Let's define a "smartwatch": For argument's sake, I'm defining the term as anything that functions like a watch, but needs to be recharged. It's a broad definition, I grant you, but it works for the most part. Apple Watch is a smartwatch; a Timex or a Rolex is not.
Now let's define what Smartwatches aren't: watches. They're more like little computers, running an OS and using Apps but living on my arm instead of my pocket. They're also not timeless. My Omega Seamaster was passed on to my son, just like my father passed it on to me. My Breitlings have passed to my sons as well. My Apple Watch, however, will be recycled once the battery can no longer hold a charge.
Despite this, I'm still a fan of smartwatches — but I also understand why they haven't cracked the true mainstream.
I always felt the wrist was the perfect choice for a screen. After all, a watch delivers one or two bits of information, usually time and date. What a waste of space. It's like undeveloped beach front property. And as we well know, screens are important. Every screen a consumer interacts with can define a category: TVs, phones, PCs.

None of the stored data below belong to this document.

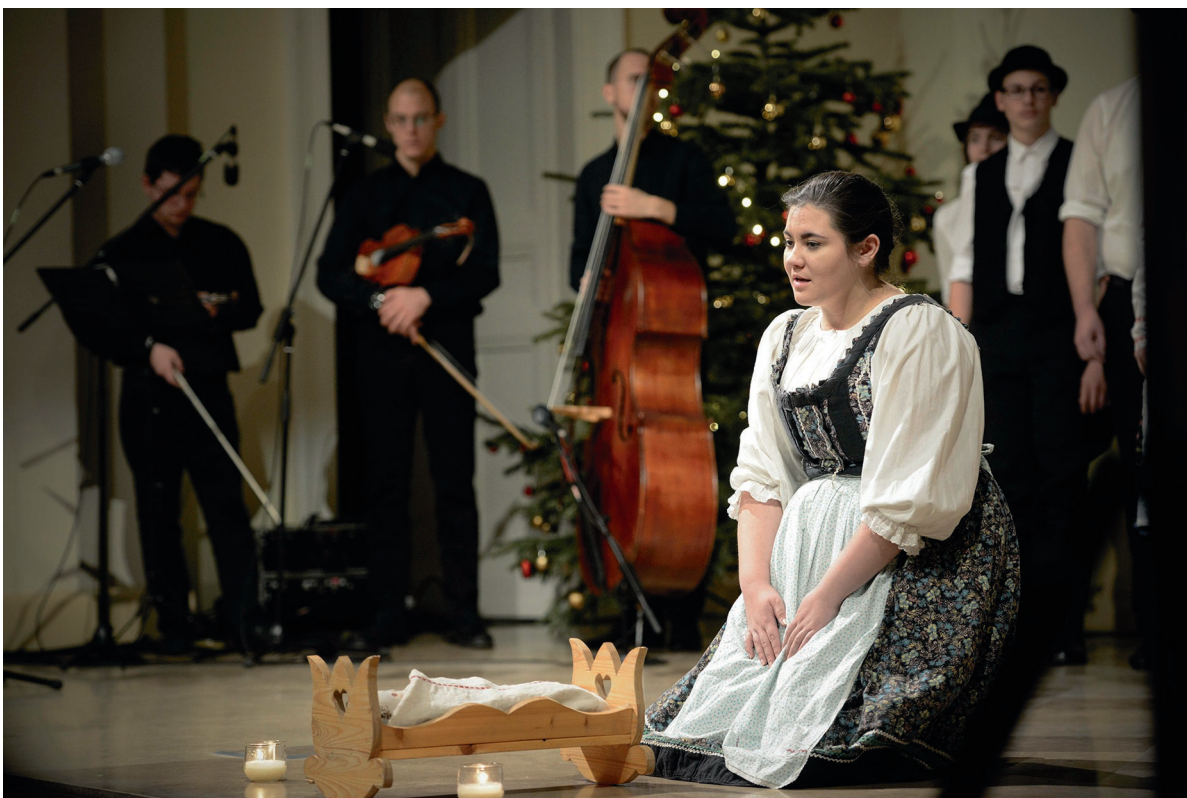
Központi karácsonyi ünnepség 2017. december 21.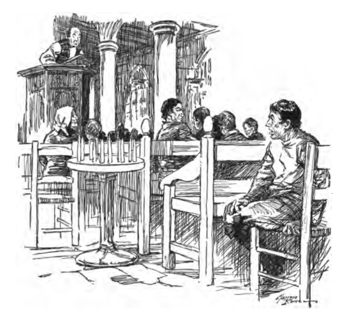
33. EL CANAL DE SUEZ

El proyecto del canal moderno a través del istmo de Suez, para facilitar el paso de los buques desde el Mediterráneo al Mar Rojo, nació de Napoleón el Grande durante su invasión de Egipto. Pero muchísimos siglos antes 5 de él, esto es, 1,300 años antes de la Era cristiana, se construyó un canal desde un ramal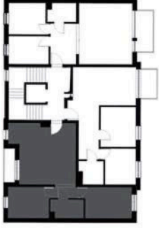
SCHEMAT KONDYGNACJI 2 BUDYNKU NR 6

But here's where I missed the ball: Those watches have to look great for users to even consider strapping it to their wrist. Some smartwatches are fashionable, such as Apple Watch or the Samsung Gear 2 (not 3). But most of them are big, clunky, skeuomorphic things that could make even a geek cry. Apple made Watch cool and hip and fashionable, which helps as an initial driver.
It also wisely focused on health and fitness, as have other platforms. But it turns out that's not a driver for many consumers — those same consumers, after all, bought Fitbits and ended up tossing them in the drawer. Notifications are another great driver, and where I find that the Apple Watch really shines. But that's it: I can pitch someone on an Apple Watch, but I can only offer two major use cases, maybe three. I'll toss in checking the weather... but not "breaking news" from CNN.
They're all good usage models, but none of them screams must-have the way the iPhone did before them; as such, I don't think any of them will push the category beyond a limited point.
That doesn't mean that smartwatches are a failure: Devices like Apple Watch have their place on the wrist, and they've sold in quite impressive quantities over the last few years. But until Apple — or other companies — figure out the true mainstream use for the smartwatch, it shall remain a product for a specific niche. It may make that niche very happy, but to the general user, that happiness may be trickier to replicate.